Таким образом, несмотря на все оговорки, крепостные крестьяне описывались как «рабы» с помощью того же «языка гражданственности», который использовался для мотивации дворян как «свободных» и сознательных граждан. При этом рабство в других странах решительно осуждалось, жестокое обхождение с крестьянами считалось предосудительным, а государство было гото­во вмешиваться в отношения между «свободными» и «рабами», хотя и делало это с неохотой[7]. Аргументы в пользу сохранения «рабства» исходили из того, что различие между «свободным» и «рабом» является условным и для отдельных людей эта граница является проницаемой (и в этом принципиальное отличие от иерархии, основанной на антропологических отличиях).

Публицистика и литература фиксировали условный характер различий между «свободными» и «рабами». А.П. Сумароков, например, писал — одновременно обращаясь к дворянам как к «первому члену» государства:

А если не ясняй ум барский мужикова,

Так я различия не вижу никакого.

                                  [Сумароков 1957: 189—191]

В силу того, что дворяне являются хорошими гражданами, они наделяются правами и привилегиями; аналогичный аргумент, но с обратным знаком, использовался в отношении крепостных. Именно этому условному характеру «свободы» / «рабства», как мне кажется, Колчин не уделил достаточного внимания в своем анализе.

Казалось бы, условный характер неравенства «свободных» и «рабов» должен был облегчить задачу освобождения, поскольку при определенных услови­ях — достижении «рабами» состояния зрелости — принуждению настанет конец. Однако на практике именно признание условного характера различий меж­ду «свободными» и «рабами» делало освобождение исключительно проблемным.

 

3

Можно ли преодолеть бездну неравенства и освободить «раба», превратив его в полноценного гражданина, наделенного необходимыми добродетелями? Поскольку социальная зрелость и сознательность «свободных» граждан сложилась исторически (в том числе — после определенного периода принуждения дворян к службе, как отмечалось в манифесте 1762 года), ясно, что «рабы» не могут достичь уровня «свободных» единомоментно. Это соображение оставалось центральным как для сторонников, так и для противников крепостного права: все они сходились в том, что превращение вчерашних «рабов» в сознательных граждан займет немало времени[8]. Таким образом, чтобы предлагать отмену рабства, нужно было обращаться к иным системам аргументов — моралистическим (рабство жестоко и противоречит морали), экономическим (рабство неэффективно) или националистическим[9].

В силу этого я не могу согласиться с выводом П. Колчина, согласно которому и в России, и на Юге США «вне зависимости от разнообразия путей, использовавшихся для защиты неравенства (рас, классов, происхождения, богат­ства, способностей, интеллекта либо моральных качеств), сущностной основой для всех, кто защищал рабство, было признание того, что люди не созданы равными» [Kolchin 1980: 817]. Напротив, российские сторонники «рабства» с легкостью признавали естественное равенство людей; центром аргументации в пользу «рабства» выступало признание того, что неравенство сложилось исторически, под давлением обстоятельств (позволив одним стать добродетельными гражданами, а другим — нет) и поэтому может исчезнуть также только исторически, а не единомоментно.

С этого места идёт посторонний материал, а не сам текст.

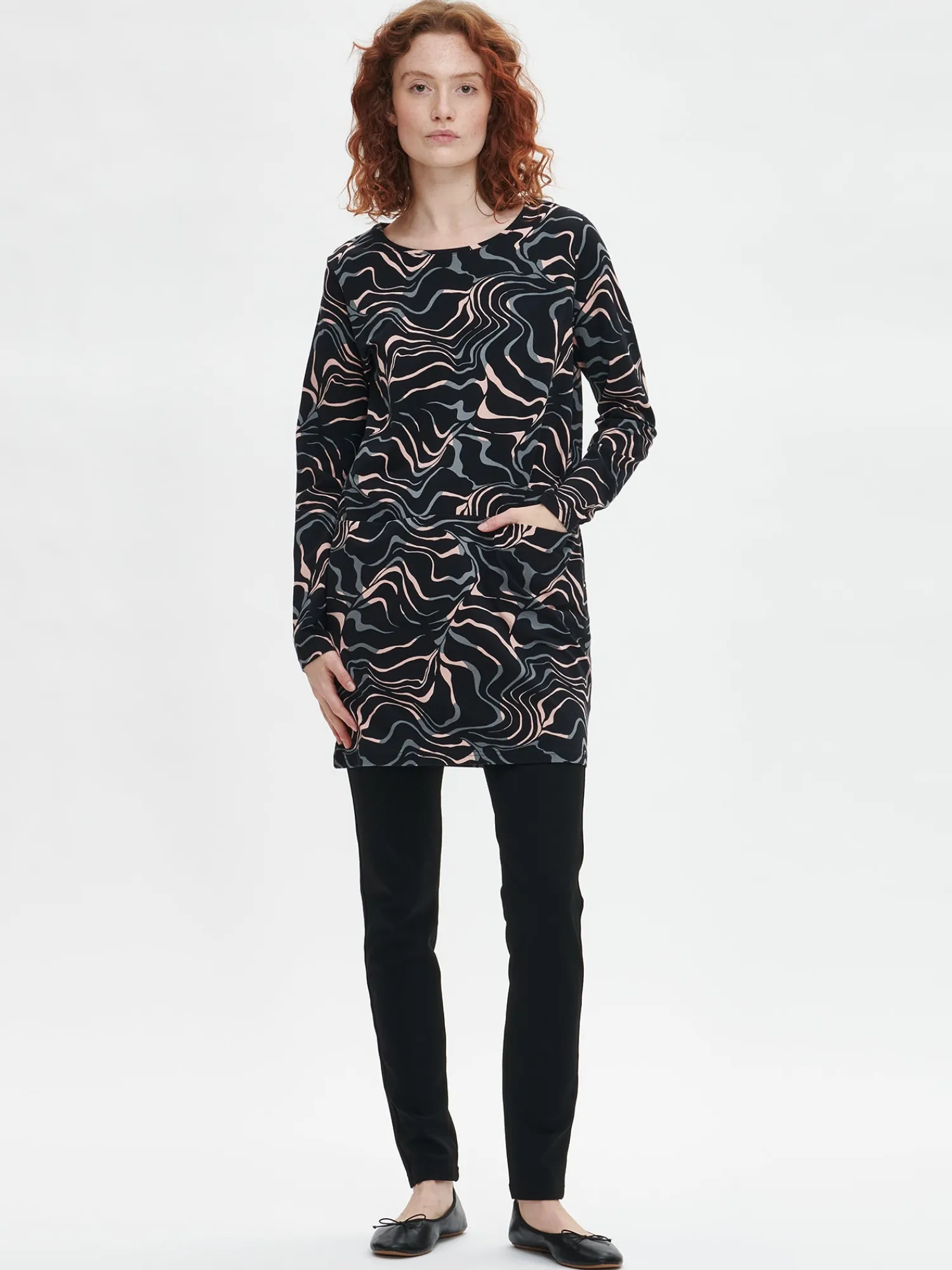 Naisten musta Saara-tunika kauniilla kuosilla. Rennossa suoralinjaisessa tunikassa on tereellä viimeistelty pyöreä pääntie ja täyspitkät hihat. Tunikan leikkaussaumassa on upotettuna taskut. Tunikan pituus koossa M on noin 85 cm. Materiaali on miellyttävän tuntuista ja helppohoitoista puuvilla-elastaani-neulosta.

Как я постарался показать выше, именно таким был аргумент Карамзина, которого Колчин представляет сторонником неравенства «от природы»; такими же были аргументы Щербатова и многих, многих других.

Что еще более важно, «язык гражданственности», возникший как средство обоснования неравенства и принуждения, оказывал влияние не только на защитников крепостного права, но и на его противников. Например, М.М. Сперанский в записке «О коренных законах государства» (1802) отмечал: «Я нахожу в России два состояния: рабы государевы и рабы помещичьи. Первые называются свободными только в отношении ко вторым, действительно же свободных людей в России нет, кроме нищих и философов» [Сперанский 1961: 43]. Однако в той же записке Сперанский настаивал на необходимости создания «высшего» и «низшего» классов народа — поскольку дворянство слабо справлялось со своей ролью добродетельных граждан, социальная структура нуждается в переформатировании. Равным образом и крепостное право, на взгляд Сперанского, должно прекратить существование, но — в отдаленном будущем, поскольку «сей последний степень возрождения России требует времяни и многих приготовлений, и повторяю сие не потому, чтоб бояться на­родных возмущений, но потому что по пространству наших земель и мало­численности народа вольность таковая может заставить крестьян обратиться к некоторому роду кочевой жизни, столько же им, как и общей государственной економии, пагубной» [там же: 55]. Таким образом, Сперанский не был сторонником крепостной зависимости, однако использовал ту же риторику «языка гражданственности», что и сторонники крепостного права, воспроизводя привычные и устоявшиеся иерархии и считая крупные социальные перемены делом будущего.

Само «освобождение» 1861 года было очередной формой отношений в ие­рар­хии «свободных» и «рабов», где обязательным условием для «рабов» были успехи в социальном воспитании и гражданственности. Манифест «О всемилостивейшем даровании крепостным людям прав состояния свободных сельских обывателей», освободивший крепостных в 1861 году, опирался на ту же риторическую стратегию. В отличие от актов XVIII века, даровавших дворянам «вольность» на основании признания их социальной зрелости и способности автономно действовать ради «общего блага», манифест 1861 года мотивировал отмену крепостного права желанием ограничить произвол, который с течением времени вкрался в патриархальные отношения помещиков и крестьян. Формальный статус «рабов» оказывался вторичен, поскольку даже отмена крепостного права еще не означала признания социальной зрелости.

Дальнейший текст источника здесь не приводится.